Defining “Digital Transformation” in Practical Terms
There’s general agreement that “digital transformation” is a good, even necessary, direction for brands and businesses. That consensus ends when the discussion turns to what “digital transformation” means and how to do it.
To us, digital transformation means converting unstructured data to structured data wherever possible and putting such data to the most effective and efficient possible use.
You may have noticed that this definition contains entire universes.
A transformation could involve “typical” digital marketing activities like updating platform usage to best practices, refining measurement outputs, or running campaigns with the most optimal media mix, frequency, reach, and budget. It could be more advanced stuff, such as introducing new technology integrations and automation, layering machine learning tools on top of existing data flows, or bridging data inputs with dynamic executions to deliver more granularly personalized touchpoints at scale.
There are nearly endless ways to go about it.
The common thread among these efforts is that every step in the process should open up new possibilities. Automation frees up resources for new activity. Optimization unlocks the budget for trying new things. Insight pushes you forward into new opportunities. In turn, those next steps open more next steps.
If you follow the path to its logical conclusion, eventually every new possibility you uncover will lead the next direction in digital marketing, rather than reacting to it.
That’s the end state of digital transformation.
To learn more about the digital maturity framework Jellyfish uses to measure progress with our client partners, read more about the BCG & Google Digital Maturity Benchmark.
Case in Point
To help put digital transformation in even more practical terms, Jellyfish worked with Deckers earlier this year to build an entirely new pipeline of structured data for their UGG fashion footwear and lifestyle brand.
By re-engineering the Google Vision API, Jellyfish built a tool (we call it Optics) that could automatically analyze the entire extensive library of UGG ad creative, and find signals among a host of image variables that related to performance indicators.
Optics allowed our team to define key image characteristics, analyze existing images in one fell swoop, output each variable into a filterable data set, and then judge the relative value of those characteristics.
Along the way, we found out the optimum number of shoes to include in a product shot, lending a degree of data-based objectivity to a creative choice that had been completely subjective up until then.
But more importantly within the context of digital transformation, our work opened up a new avenue of structured data collection that can be used to test even more provocative creative decision-making.

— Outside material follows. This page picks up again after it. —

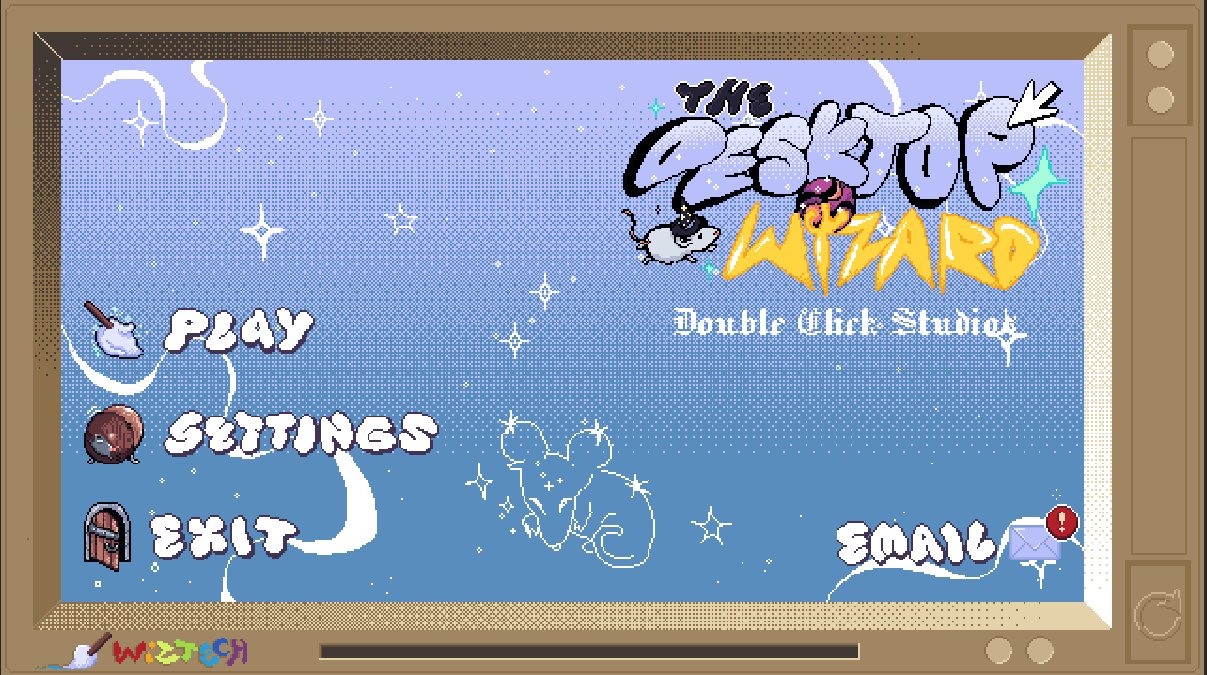 The Desktop Wizard is a block-pushing puzzle game that helps people address their desktop-related problems. Platform around levels and use our little wizard mouse protagonist, Vesper’s magic mop, to push desktop icons into each other to create organized files.

For more details, read our article on Why understanding your ad creative has never mattered more.
Partnering With a Digital Transformation Mindset
Digital transformation also has a softer side.
Organizations can often struggle to move forward – even with a readable roadmap, tangible benchmarks, teachable best practices, and all the right infrastructure.

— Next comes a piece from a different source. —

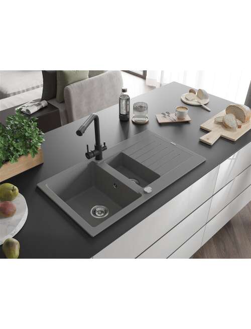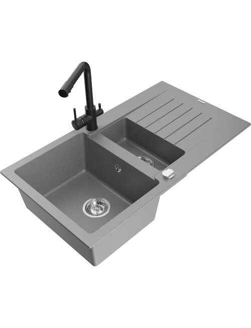 Dane techniczne: Zlewozmywak: Rozmiar: 900x505x200 mm Głębokość komory: 180 mm (większa), 115 mm (mniejsza) Wymiary komory: 435x335 mm (większa), 345x150 mm (mniejsza) Średnica odpływu: ø90 mm Typ: 1,5-komorowy z krótkim ociekaczem Rodzaj: Wpuszczany w blat Kolor: Szary Wykończenie syfonu: Chrom Materiał: Granit (80% kruszywo granitowe 20% żywice) Otwór przelewowy: Tak Otwory: ( bateria, automat ) 2 Montaż: Uniwersalny, możliwość montażu z ociekaczem po lewej lub prawej stronie Wysoka odporność na zarysowania i przebarwienia Odporność na szok termiczny Powierzchnia ułatwiająca czyszczenie Dwa dodatkowe podfrezowane otwory do samodzielnego wybicia ø35 Bateria kuchenna: Materiał: Mosiądz Kolor: Czarny Głowica: Ceramiczna Perlator: Tak Typ: Dwuuchwytowa Zasięg wylewki: 235 mm Wysokość baterii: 315 mm Bateria dwugłowicowa z dodatkowym filtrem do wody pitnej |

That’s because digital transformation is about meeting your customers where they are. Your customers don’t experience silos. Or think of channels as “channels.” They just flow from one screen to the next, changing apps at a whim, blissfully unaware of measurement and attribution concerns.
So it only makes sense that true success in digital transformation flows from the right mindset. Evolving to a true customer-centric approach in the digital age requires a certain willingness to share credit across organizational silos, a general openness to experimentation, and, most importantly, trust – the real currency of every effective partnership.
Trust can be hard to come by in the marketing industry.
Want to know where every dollar of spend is going? We’ll show you. Want to manage your accounts? We’ll train you. Want to know what’s in our “secret sauce?” We’ll give you a list of ingredients.
We structure our organization for trust-building because it’s the only way to lay the groundwork for digital transformation.
All we ask in return from our client partners is an open mind.
Case in Point
Jellyfish first started with Deckers Brands in 2017 by onboarding their five main brands (UGG, HOKA, Teva, Sanuk, and Koolaburra) for performance marketing in North America, and migrating their technology platform to Search Ads 360, Campaign Manager, and Display & Video 360. Deckers were looking for an integrated tool set to best manage cross-channel journeys and partnered with Jellyfish to make this happen.
Boosts in performance and increases to operating efficiency helped us gain their trust, and by January 2018, Deckers rewarded us with their North American brand marketing business. Our partnership grew to include EMEA operations and in July 2019, and further to Japan throughout 2020.
While this relationship development journey may scan as a “land and expand” success within a traditional multichannel global marketing agency model, the partnership has grown organically.
This has only been possible because of a shared mindset between Deckers and Jellyfish.